Why is this important?
The smart data lake in this specific proof shows that we can rapidly connect information and then visualise data. This means that for the first time we can help officers to target the right the properties, rather than manually trying to find out what’s going on. It also means that we can be proactive and stick to our promise to make Waltham Forest clean and safe for our residents.
We also know that we can update information direct to our back-office systems using the smart data lake. This means we can plug in apps, sensors, chatbots, AI and smart devices to create the beginnings of a ‘smart borough’ and then automate services. For example, we can use the data to power intelligent chatbots to provide information to residents without needing to have a face-to-face conversations, so that our officers can then focus on the residents who really need our help.
Information is essential for understanding our residents in ways we couldn’t do before. By plugging in our CRM system, we can gain insights into the needs of our customers and provide better services; for example, if we can identify that we have a university student living in the borough, then perhaps we can send them a welcome pack to help them make best use of our services. In fact, what we would love to do is to help that student stay in the borough and start a business when they finish their studies.

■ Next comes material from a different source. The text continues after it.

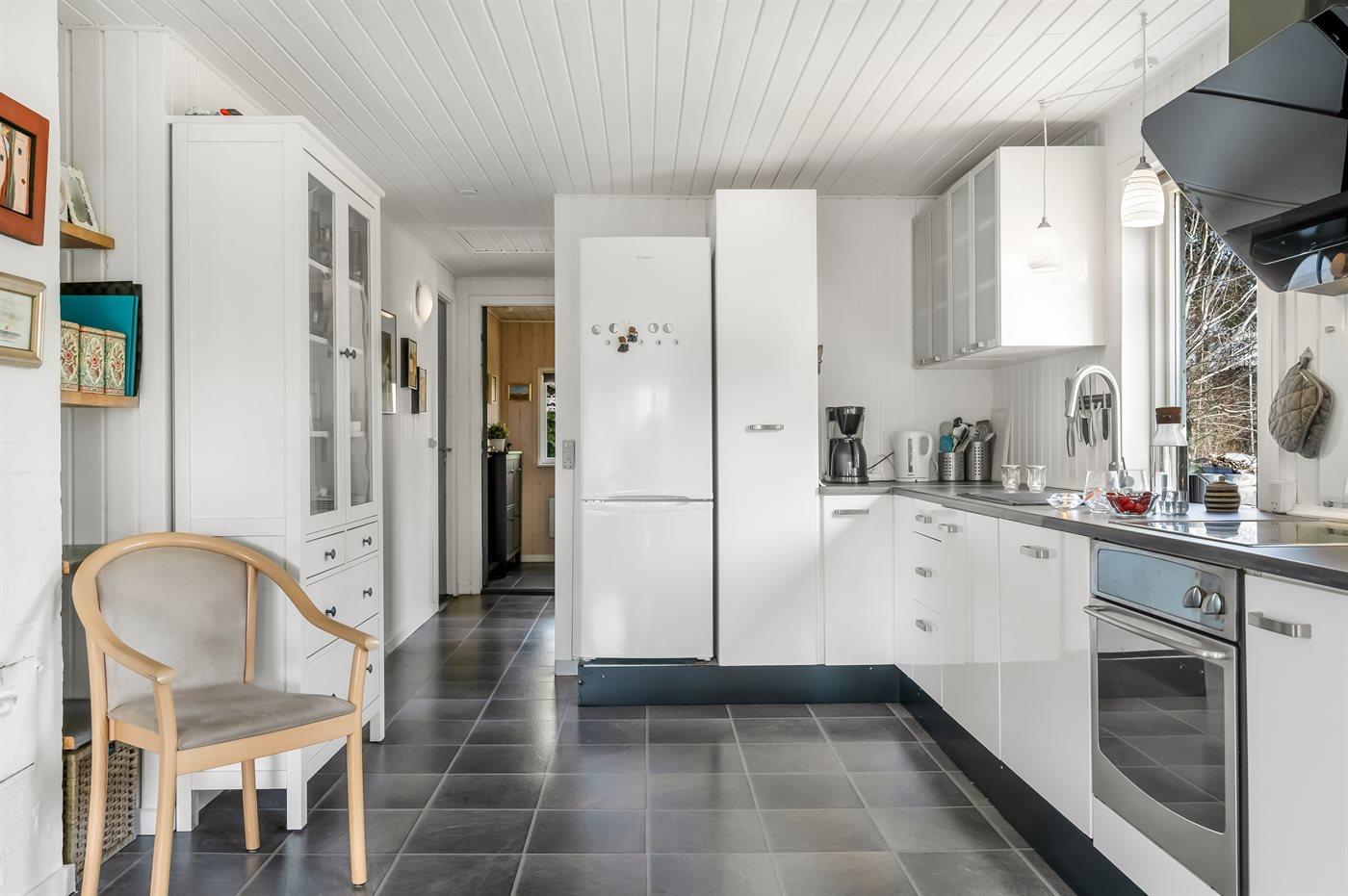 De keuken is uitgerust met koelkast Er zijn 4 keramische kookplaten, heteluchtoven en vaatwasser.

Prevention is better than cure
Another way to think about how bringing data together can help our residents is in terms of prevention and intervention at the right time. If we can understand which families have children who end up in a gang, for example, perhaps we can work with our colleagues in the police and neighbouring councils to prevent our younger population from making bad choices in the first place and offer opportunities which really inspire them.
We want to continue to provide great services to our communities and, considering our very tight financial pressures, the only way to do that is by bringing our data together in order to provide a smarter way of delivering those services.
The smart data lake is a cornerstone for the future platform, and that is awesome.
Richard Holland is the assistant director of technology and innovation at Waltham Forest Council.